CORA.— Ahora vas a tener conmigo todo lo que soñaste: Egipto, y el
desierto, y las selvas, y las islas de jardines…
AMANTE.— ¡Los lotos y los elefantes blancos! ¡Las pagodas budistas
con sus tejadillos en forma de zueco, colgados de campanillas!
CORA.— Y tantas cosas más que tú no sabes, que no están en los
libros. Pero hay que hacerse fuerte, mi lobezno: en cuanto sales de Europa,
ya no hay más que mosquitos.
AMANTE.— ¿Mosquitos?'
CORA.— Unos mosquitos verdes, venenosos y pequeños, que se
cuelgan por todas partes. Y que dan la fiebre, y el sueño… y a veces, la
locura. Pero no te asustes tú, mi héroe…, también hay mosquiteros, y
cremas especiales para la piel. Y luego, ¡la Ciencia! Por cada mosquito
que produce Dios, producen una inyección los alemanes.
AMANTE.— Menos mal.
CORA.— ¿No te hace ilusión visitar conmigo la India?

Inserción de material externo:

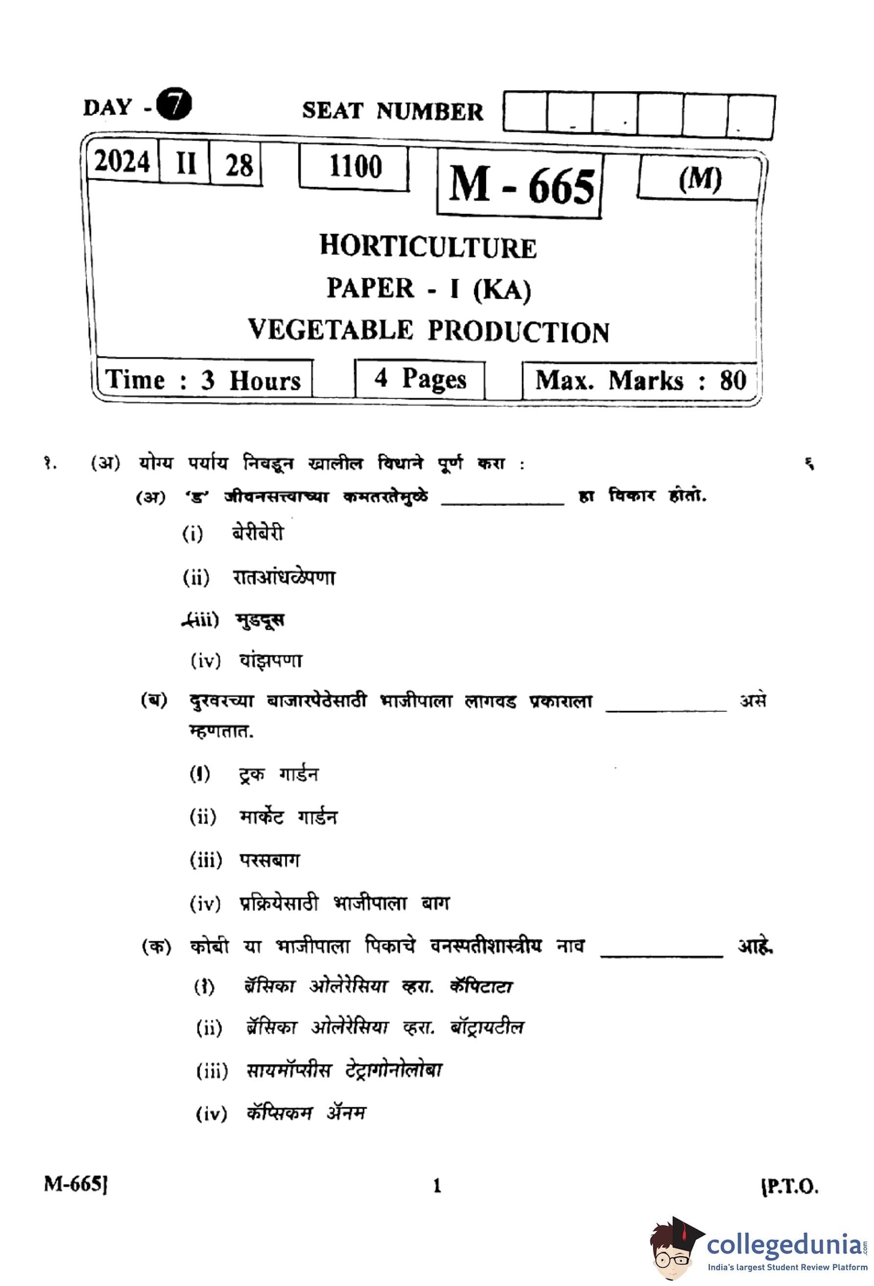 | Maharashtra Class 12 2024 Horticulture Vegetable Production Question Paper With Answer Key | Check Solution |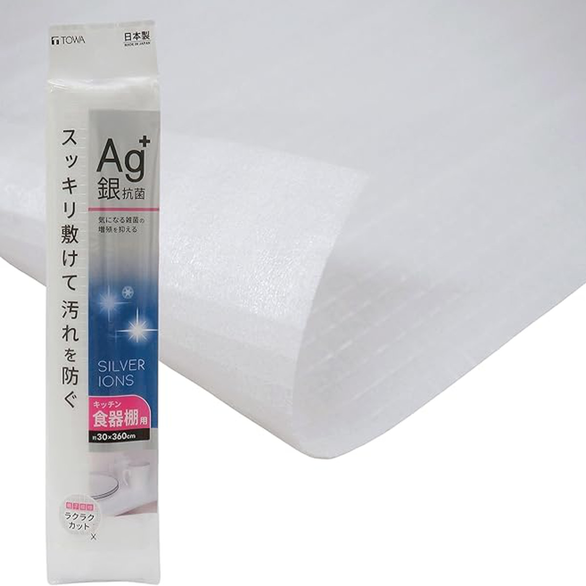 キッチンの食器棚や引き出しの中に敷くのに便利なキッチンシートです。上面フィルムには銀系無機抗菌剤、下面に防カビ剤を加工してあり、シートの表面に付着した雑菌の増殖を抑制してくれるので、衛生的にお使いいただけます。

AMANTE.— ¡Oh, sí; los dioses del Ramayana, el Ganges sagrado de
las tres corrientes!…
CORA.— Mira, el Ganges es mejor dejarlo. Hay serpientes, ¿sabes? Y
cocodrilos. Y luego, las fiebres gástricas, que te van poniendo amarillo,
amarillo… (De pronto.) ¿Tú me quieres? ¿Me quieres, me quieres?
AMANTE (Irguiéndose gallardamente).—¡Te quiero como un cosaco!
CORA.— ¿Dispuesto a todo?
AMANTE.— ¡A todo!
CORA.— ¿Por qué no nos vamos ahora mismo?
AMANTE (Aterrado al verla tan cerca).—¿Ahora?